RMSE MAE MAPE Bias r
WW3 ML WW3 ML WW3 ML WW3 ML WW3 ML
Hs [m] 0.57 0.2 0.45 0.14 35.98 9.64 -0.29 0 0.78 0.97
Tp [s] 1.7 0.64 1.29 0.45 15.45 5.28 -0.92 -0.05 0.64 0.92
Dm [Deg] 17.98 5.36 13.87 3.55 5.52 1.59 10.34 -0.34 0.76 0.97

Test

RMSE MAE MAPE Bias r
WW3 ML WW3 ML WW3 ML WW3 ML WW3 ML
Hs [m] 0.56 0.2 0.45 0.14 32.89 8.73 -0.28 0 0.78 0.97
Tp [s] 1.67 0.64 1.26 0.45 15.15 5.23 -0.89 -0.03 0.65 0.92
Dm [Deg] 17.74 4.76 13.74 3.5 5.32 1.41 10.35 -0.29 0.76 0.98

Regressions

Use python regressions.py --help for usage.

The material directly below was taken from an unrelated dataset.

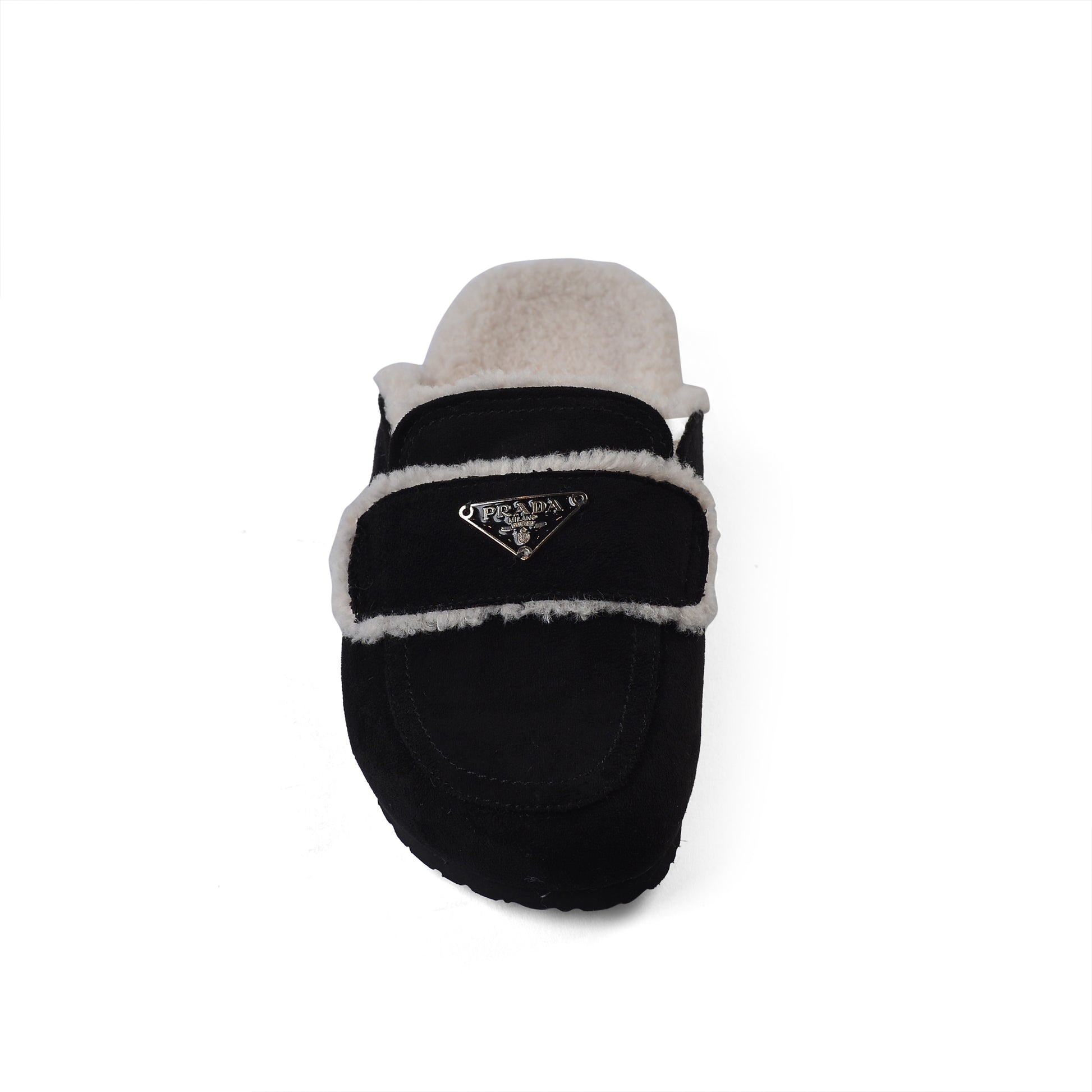 PRADA Flat Open Back Loafer Fur Slipper Luxury Woman VK-112 Black

python regressions.py -i "data/predictions_mlp_par.csv" "data/predictions_mlp_spc.csv" "data/predictions_cnn_spc.csv" -o "figures/regressions.png"

Bar charts

Use python bars.py --help for usage.

python bars.py -i "data/metrics_mlp_par.csv" "data/metrics_mlp_spc.csv" "data/metrics_cnn_spc.csv" -o "figures/bars.png"

3.3. Timeseries

Use python timeseries.py --help for usage.

a) Curau

python timeseries.py -i "data/predictions_mlp_par.csv" "data/predictions_mlp_spc.csv" "data/predictions_cnn_spc.csv" --names "$MLP_{PAR}$" "$MLP_{SPC}$" "$CNN_{SPC}$" -ID "BCurau" -o "figures/BCurau.svg" --start "2013-04-01 00:00:00" --duration "60"

b) Lebu

python timeseries.py -i "data/predictions_mlp_par.csv" "data/predictions_mlp_spc.csv" "data/predictions_cnn_spc.csv" --names "$MLP_{PAR}$" "$MLP_{SPC}$" "$CNN_{SPC}$" -ID "BCurau" -o "ALebu.png" --start "2011-12-01 00:00:00" --duration "60"

3.4 Spatial Predictions

As long as the variables used for training are available, our machine learning models can be applied to WW3 data spatially. We caution against this usage because the present models do not take latitude and longitude coordinates into consideration.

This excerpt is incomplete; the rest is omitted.